Theresa May completed her first major cabinet reshuffle on Monday 8 January, inviting several big names into government. In a controversial move, the Prime Minister appointed media mogul Rupert Murdoch to the new post of Overlord-in-Chief.
Dial M for Murdoch
In his role as co-chair of News Corp and 21st Century Fox, Murdoch oversees a number of prominent news outlets. These include The Sun, The Times, and Fox News. But from 8 January 2018, Rupert Murdoch also became Overlord-in-Chief of the UK government. Announcing the appointment, Murdoch said:
I look forward to dealing with a number of emerging challenges facing the country. Not least Brexit. Frankly, it is time to set aside the monkey, and allow the organ grinder to get on with things.
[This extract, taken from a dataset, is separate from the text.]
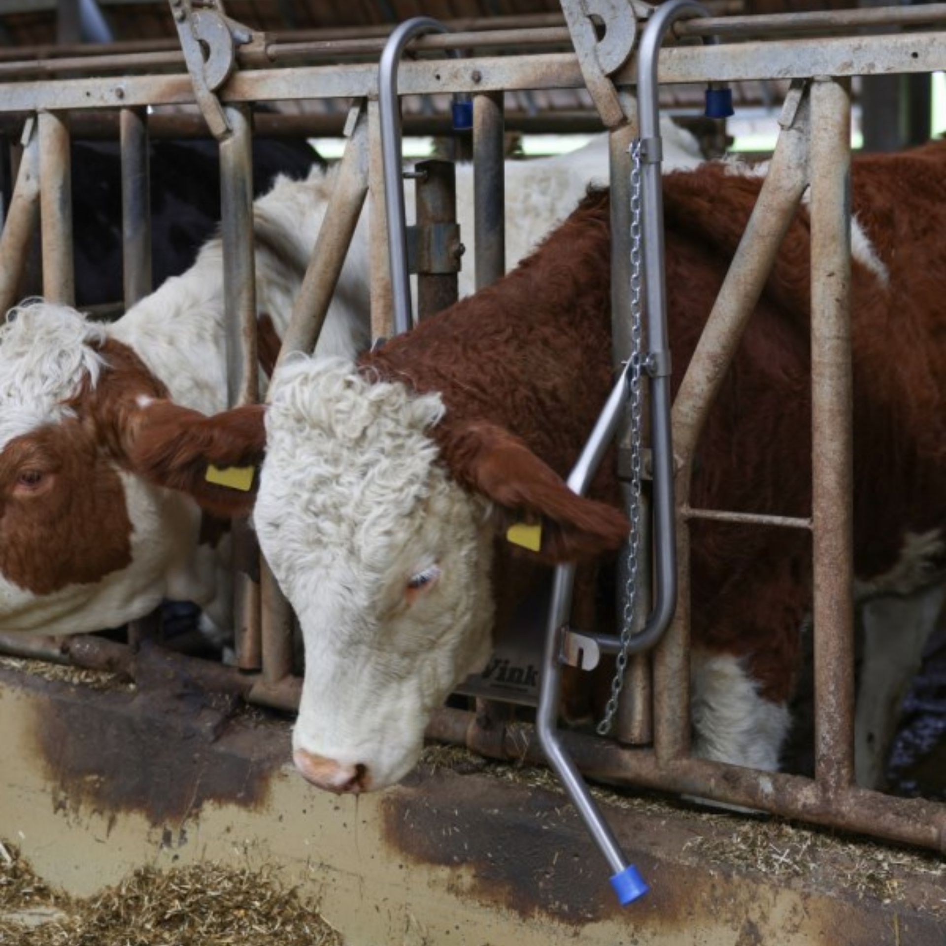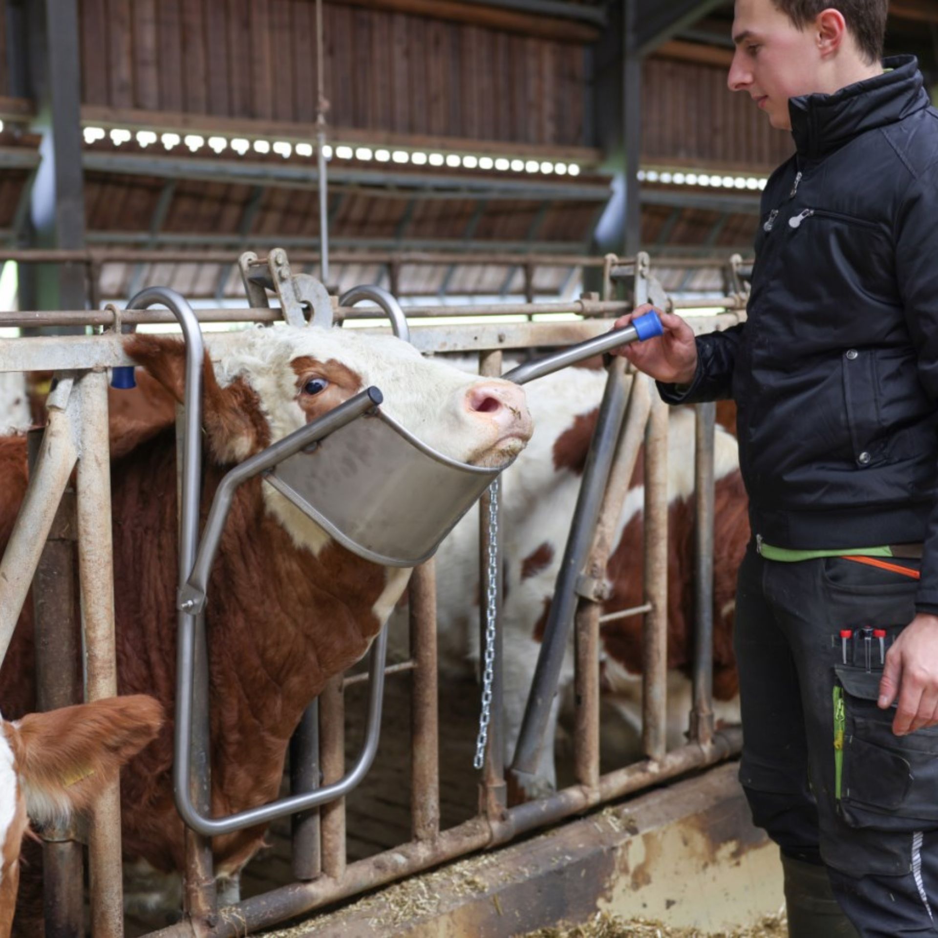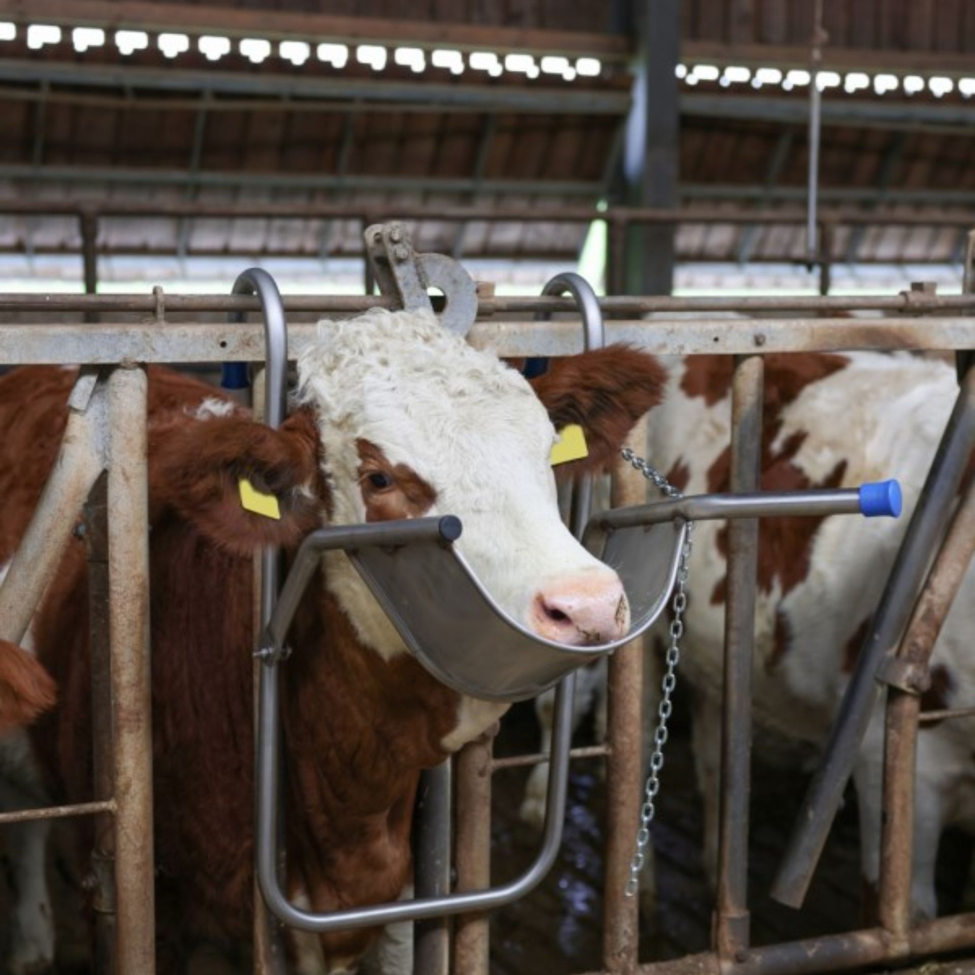 The practical headrest for cattle can be attached to the feed fence and facilitates treatments and the entry of medication or feed.

The 86-year-old tycoon will take responsibility for most (if not all) prime ministerial duties: leading press conferences, attending international summits, developing domestic and foreign policy, appointing and removing cabinet ministers, and selecting a successor for Theresa May. Some commentators expressed alarm at the unprecedented powers Theresa May has granted Murdoch. Law and Politics Professor Ina Ephraim of Oxford University told Off The Perch:
This is unprecedented. In effect, Rupert Murdoch has been made Prime Minister by appointment. Theresa May has handed complete authority to an unelected representative of a foreign state.
But the Conservative Party argued otherwise. Responding to the comments from Ephraim, a spokesperson for Theresa May stated:
This scaremongering has to stop. Rupert Murdoch will have only those powers which Theresa May agrees to grant him. That’s democracy.
Members of the public openly expressed disagreement with the government’s line.
https://twitter.com/DancingTheMind/status/950314382776561664
The cavalry
Murdoch was not the only unelected person parachuted into the May government on reshuffle day. Several other appointments have provoked concerns about cronyism:
- Tony Blair was appointed International Peace Tsar.
- Harvey Weinstein was appointed to lead the Westminster Sexual Misconduct Inquiry.
- Steve Bannon, fired by US President Donald Trump in August 2017, was appointed as Communications Chief.
- Norman Tebbit will return to government to lead Theresa May’s much-lauded Race Relations Programme.
- And Katie Hopkins will be manning the newly-installed anti-immigrant gunboats at Dover.
May’s spokesperson concluded: “The new government will be one of the oldest, whitest and malest since Nancy Astor became the first woman to sit in parliament in 1919. And we think that’s what the Tory membership wants.”